Airbnb revealed the interiors of its new headquarters
Tech company Airbnb opened a new international headquarters in Dublin this week, which is the first building to be designed entirely by scratch bespoke for the company.
The building was an empty space before Airbnb moved in and transformed the 4000m2 warehouse into a series of working and communal areas.
The space was designed by a team led by Airbnb lead interior design Rebecca Ruggles, and local architect Henaghan Peng.
It’s split up into 29 workspaces the Airbnb team is calling “neighbourhoods”, which consist of communal working tables, storage space, standing work areas and lounge spots. There are also kitchen areas and meeting rooms.
Airbnb says it swapped out individual desks for large communal tables to encourage “sharing”, presumably of ideas and resources.
Its meeting rooms have interiors inspired by the styles of different countries, while a large, central staircase connects the basement and ground floors of the building, while doubling as an events and conference space.

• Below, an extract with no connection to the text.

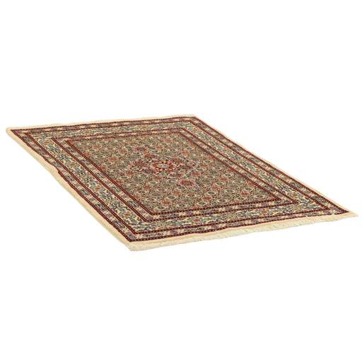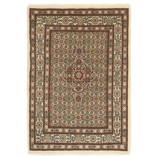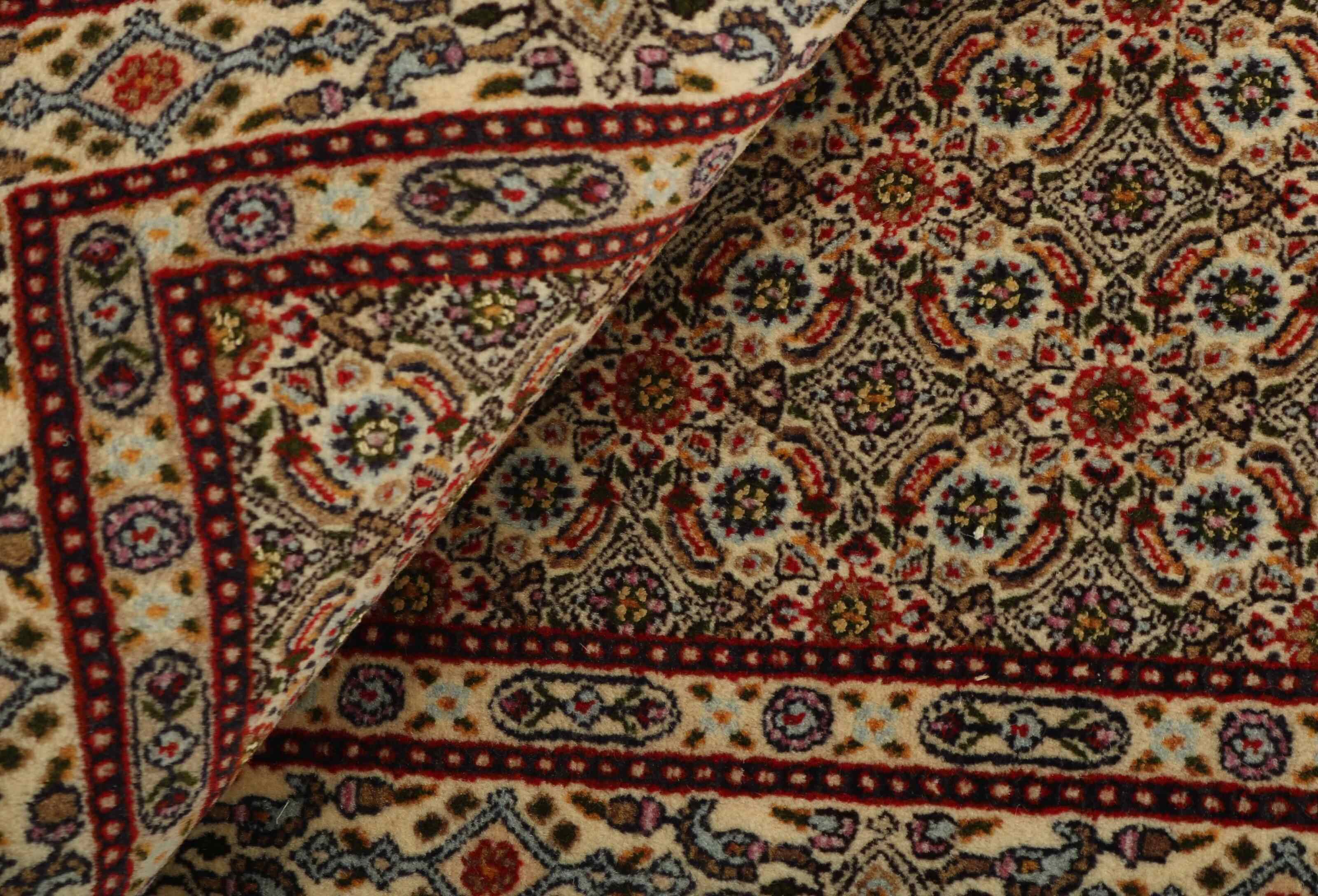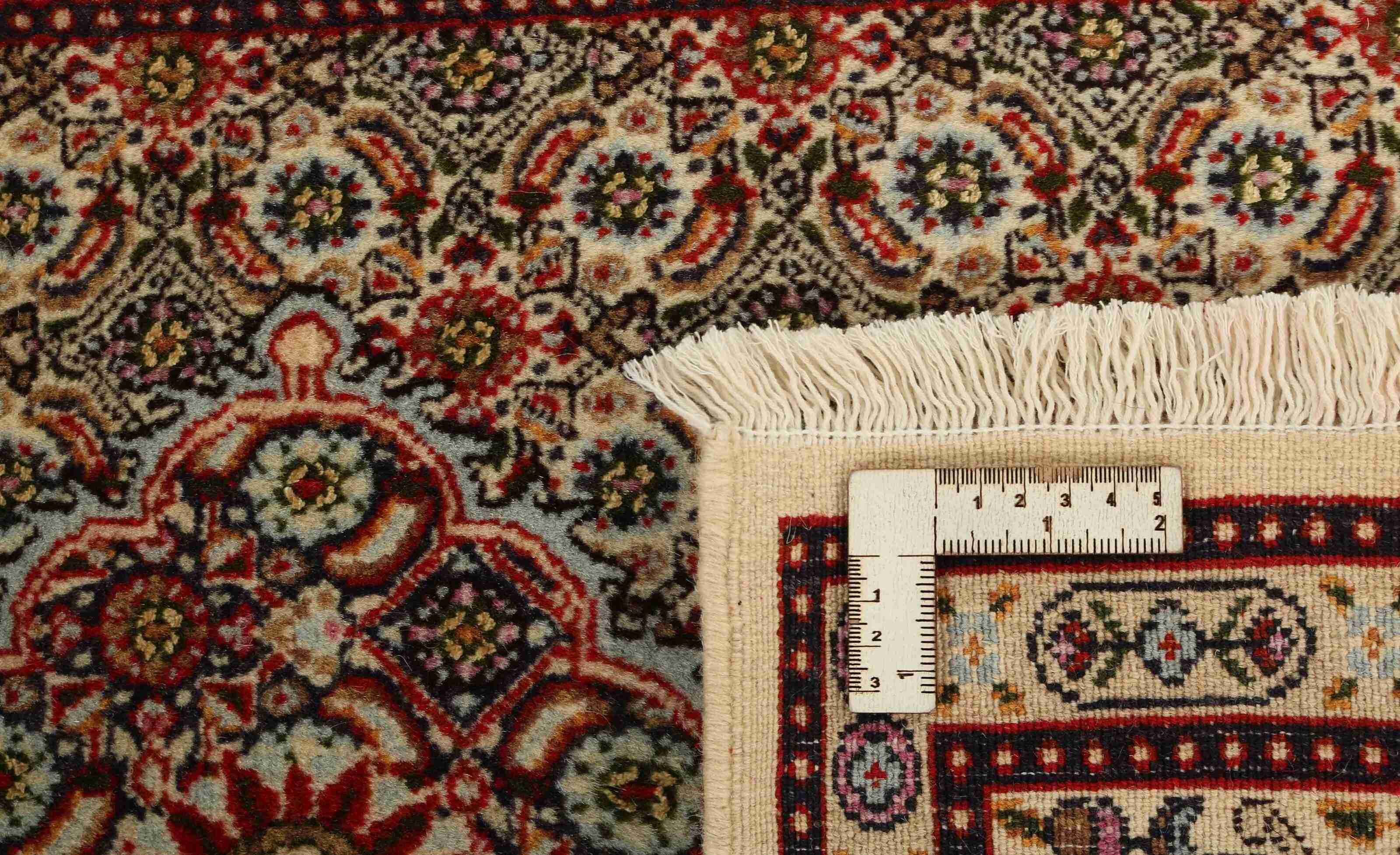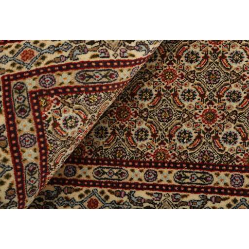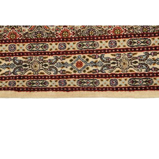 Moud est une petite ville au sud de Mashad, dans la province de Khorrasan. Les tapis de cette région se caractérisent par l'homogénéité de leurs motifs et de leur qualité. La chaîne et la trame sont en coton et le velours en laine. Les bordures sont une version de la bordure persane traditionnelle en tortue. Les tapis sont fabriqués dans toutes les tailles. Les tapis Moud sont souvent copiés en Inde, en raison de leur remarquable homogénéité. Les motifs caractéristiques de Moud sont parmi les plus uniformes, les plus réguliers et les plus facilement reconnaissables de la province de Khorrasan. Les Moud Mahi sont fabriqués dans des tons beige, rouge clair ou bleu, avec des motifs Mahi sur toute la surface ou avec un médaillon en forme d'étoile. Mahi signifie poisson et le motif Mahi est le motif le plus couramment utilisé dans les véritables tapis persans. En l'observant de près, vous pouvez voir un étang entouré de quatre poissons.

Designs of the year were revealed at the new Design Museum
Closely following the opening of the new Design Museum, the Beazley Designs of the Year exhibition opened at the site this week.
The annual exhibition showcases some of the most exciting projects of the year, covering architecture, digital, fashion, graphics, product and transport.
This year’s show includes such projects as the Channel 4 rebrand, David Bowie’s Blackstar album artwork, and a new compass navigation tool for bikes.
The exhibition is open until 19 February 2017, at the Design Museum, 224-238 Kensington High Street, Kensington, London W8 6AG. For more info, head here.
The design industry spoke out about the Government’s attitude to culture and science
Chancellor Philip Hammond delivered his first Autumn Statement last week, detailing where the Government’s money will be spent this year – and pledged billions more funding for science compared to arts and culture.
We spoke to people within the design industry in follow-up to the statement, who told us that the relationship between the two sectors needs to be reconsidered by Government.
“Maybe there is a fundamental misunderstanding with both the cultural and scientific sectors,” says product designer Sebastian Conran. “Creativity is something they both share and digital technology has made a huge impact on culture – but raw tech is an unappetising meal which needs expert designers to prepare it so it is delicious and appealing.”
Read our full analysis piece here.
We learnt why universities might not be the future of design education
This week, designer and ex-university examiner John Spencer told us about why uni isn’t necessarily the best route into design.
In his piece, he vehemently opposed the closure of foundation courses, and argued that universities have become “commercial enterprises” which are failing to teach design students core skills.
His words sparked debate, with many readers agreeing that a degree in graphic design isn’t necessary, some disparaging the “academicisation” of art and design, while others noted that “not all art school experiences are like this”.
Read the full piece here.
Apple revealed that it might be bringing back the flip-phone
Flip-phones: reserved for 1990s sitcoms, right? Wrong. Tech giant Apple showed promise this week that it might be reviving the classic, foldable device in smartphone form.
The company had a US patent accepted this week, which shows an electronic device with hinges at its centre, which allow it to flip in half. It also shows more high-tech features, such as a flexible OLED display, a display type allowing for higher resolution which is currently only used in the Apple Watch.
The patent was originally filed in 2014 but has taken two years to be accepted.
Apple is yet to confirm whether it definitely plans to make and manufacture the snap-phone in the future.